Люстра свистала, тяжело пламенея, проносилась у лиц наших, жгла, ослепляла нас.
Он взмок, побледнел, он визжал, весь дрожа, он брызгал слюной мне в лицо, кричал мне в глаза. Он пробовал сесть, устроиться в ногах у меня, переждать, но я вздергивал его, чтоб летал, не робея, — высоко-высоко он.
— Все члены вразлет — словно перья! Пари! И-ух!
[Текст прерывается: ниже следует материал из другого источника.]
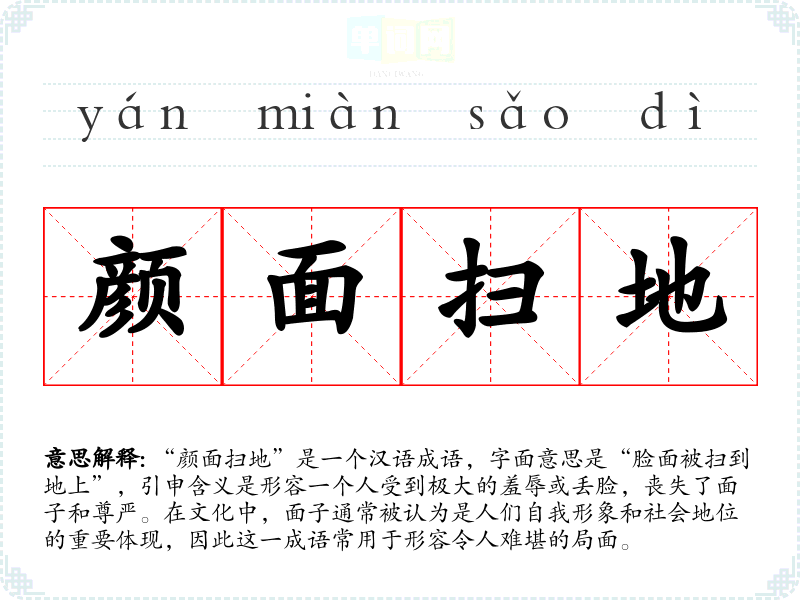 “颜面扫地”是一个汉语成语,字面意思是“脸面被扫到地上”,引申含义是形容一个人受到极大的羞辱或丢脸,丧失了面子和尊严。在文化中,面子通常被认为是人们自我形象和社会地位的重要体现,因此这一成语常用于形容令人难堪的局面。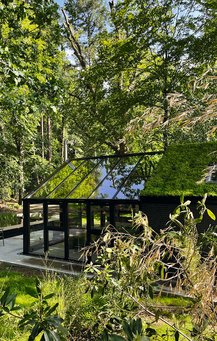 Hvis Tarzan skulle vinke farvel til livet i junglen og sove andre steder end i sammenknyttede lianer, ville han sikkert vælge at bo i ”The Green House” eller ”De Kas”, som boligen hedder på hollandsk. Her kan han både holde varmen om vinteren og samtidig føle sig som en del af den omgivende skov, da mere end halvdelen af facaden er glas, og det samme er en stor del af taget.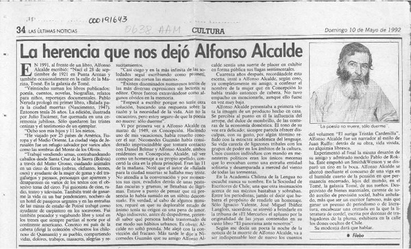 Adiós a Alfonso Alcalde [artículo] Marino Muñoz Lagos.

— Убьемся! Убьемся! До смерти! Дурак ты, Алешка! Мне темнеет в глазах уж, поплыло огнями все…
— И-ух! Х-а-а!
…Он первый пробился и увидел ее — рукой достать. Она грустно всем улыбалась, принимала гвоздики, длинноного сходила по трапу. Обомлев, он пошел за ней, весь потянулся, и охрана потупилась.
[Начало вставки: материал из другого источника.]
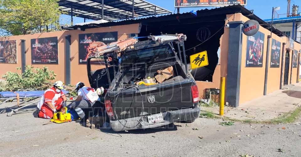 Ciudad Victoria, Tamaulipas.-Un conductor de una camioneta Pick-up resultó con varias fracturas esta mañana luego de chocar con un restauran-Bar en la Avenida Tenochtitlán.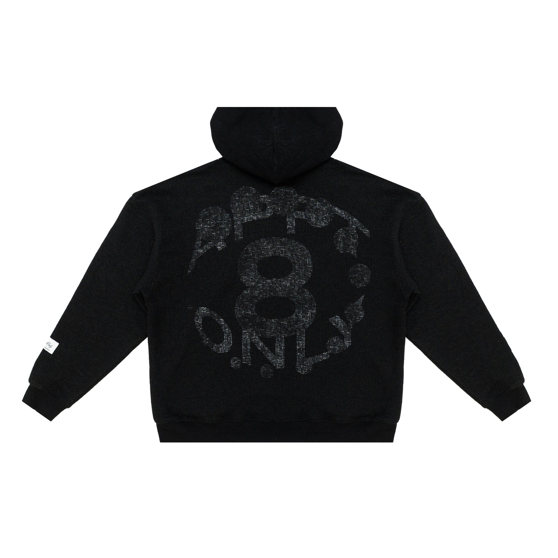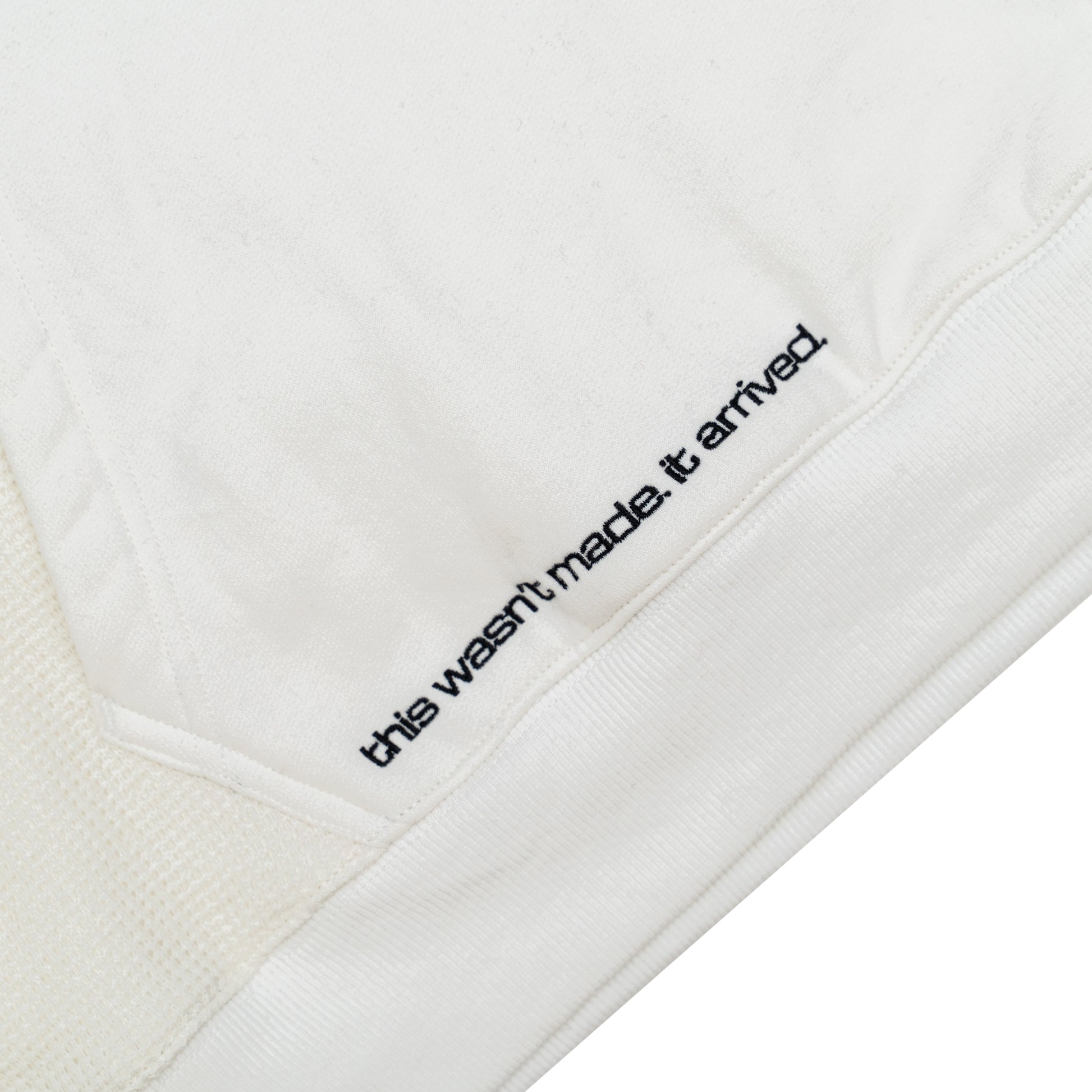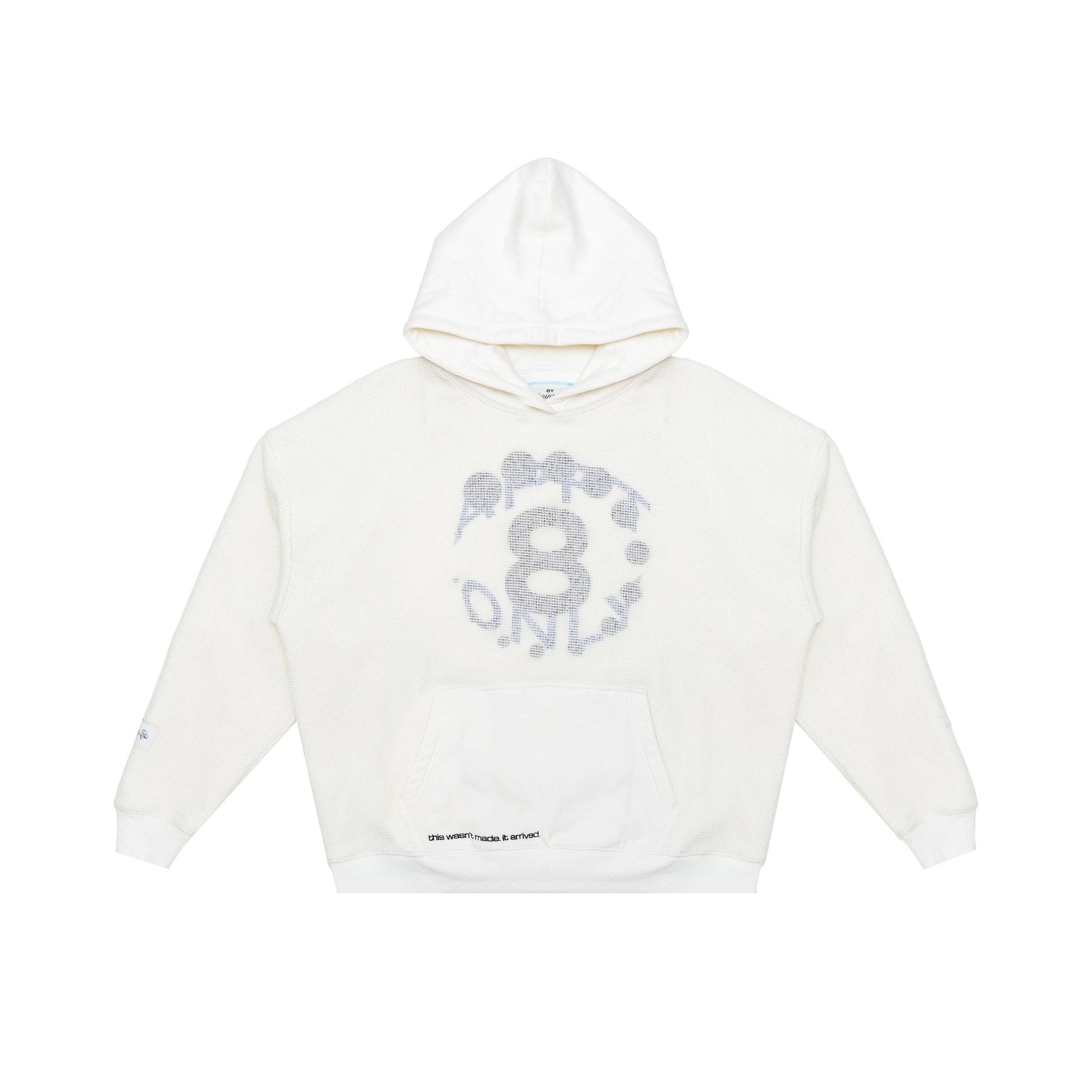 "The" hoodie. Constructed from soft-hand cotton fleece, overlaid with a sheer knit layer that subtly reveals the tonal graphic beneath. This wasn’t made. It arrived.

Через плечо глянула на него, озорно засмеялась.
На краю океана, нахмурившись, шубку схватила у горлышка. Снег валил наискось над океаном, во всю длину его, даль. Выпуклый лоб ее увлажнился от соли и снега.
— Эсть ли там луди? — наточенным пальчиком указала в пучину. Акцент ее легкий покалывал, как шампанское.
— Сейнер с рыбаками, — торопливо ответили.
…Качаются на волнах, штормовки, бессонные очи. Серебром сверкает улов. Наловлено для города. Владивосток мерцает вдали, родимый, плывет за волнами. «Здесь у нас ветер и снег, ледяные валы воды. Мы стоим, ждем, когда успокоится, мы не боимся мглы. Мы по рации слушаем вас, ваши песни».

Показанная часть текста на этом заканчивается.